Tuesday, September 27, 2016

Identifying candidates for targeted gait rehabilitation after stroke: better prediction through biomechanics-informed characterization

With no protocols presented this research is not only totally useless but not repeatable.
Was this research from June 2015 not good enough to come to a conclusion to your question?

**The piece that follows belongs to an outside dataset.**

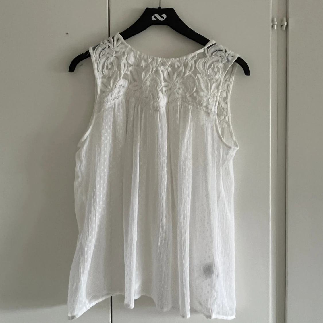 Ett vitt spetslinne som är perfekt till sommaren! Passar storlek s - L, och den är från märket vintage stories 🩷

Paretic Propulsion and Trailing Limb Angle Are Key Determinants of Long-Distance Walking Function After Stroke

The latest here:

Identifying candidates for targeted gait rehabilitation after stroke: better prediction through biomechanics-informed characterization

  • Louis N. AwadEmail author,
  • Darcy S. Reisman,
  • Ryan T. Pohlig and
  • Stuart A. Binder-Macleod
Journal of NeuroEngineering and Rehabilitation201613:84
DOI: 10.1186/s12984-016-0188-8
Received: 11 June 2016
Accepted: 26 August 2016
Published: 23 September 2016

Abstract

Background

Walking speed has been used to predict the efficacy of gait training; however, poststroke motor impairments are heterogeneous and different biomechanical strategies may underlie the same walking speed. Identifying which individuals will respond best to a particular gait rehabilitation program using walking speed alone may thus be limited. The objective of this study was to determine if, beyond walking speed, participants’ baseline ability to generate propulsive force from their paretic limbs (paretic propulsion) influences the improvements in walking speed resulting from a paretic propulsion-targeting gait intervention.

Methods

Twenty seven participants >6 months poststroke underwent a 12-week locomotor training program designed to target deficits in paretic propulsion through the combination of fast walking with functional electrical stimulation to the paretic ankle musculature (FastFES). The relationship between participants’ baseline usual walking speed (UWSbaseline), maximum walking speed (MWSbaseline), and paretic propulsion (propbaseline) versus improvements in usual walking speed (∆UWS) and maximum walking speed (∆MWS) were evaluated in moderated regression models.

Results

UWSbaseline and MWSbaseline were, respectively, poor predictors of ΔUWS (R 2  = 0.24) and ΔMWS (R 2  = 0.01). Paretic propulsion × walking speed interactions (UWSbaseline × propbaseline and MWSbaseline × propbaseline) were observed in each regression model (R 2 s  = 0.61 and 0.49 for ∆UWS and ∆MWS, respectively), revealing that slower individuals with higher utilization of the paretic limb for forward propulsion responded best to FastFES training and were the most likely to achieve clinically important differences.

Conclusions

Characterizing participants based on both their walking speed and ability to generate paretic propulsion is a markedly better approach to predicting walking recovery following targeted gait rehabilitation than using walking speed alone.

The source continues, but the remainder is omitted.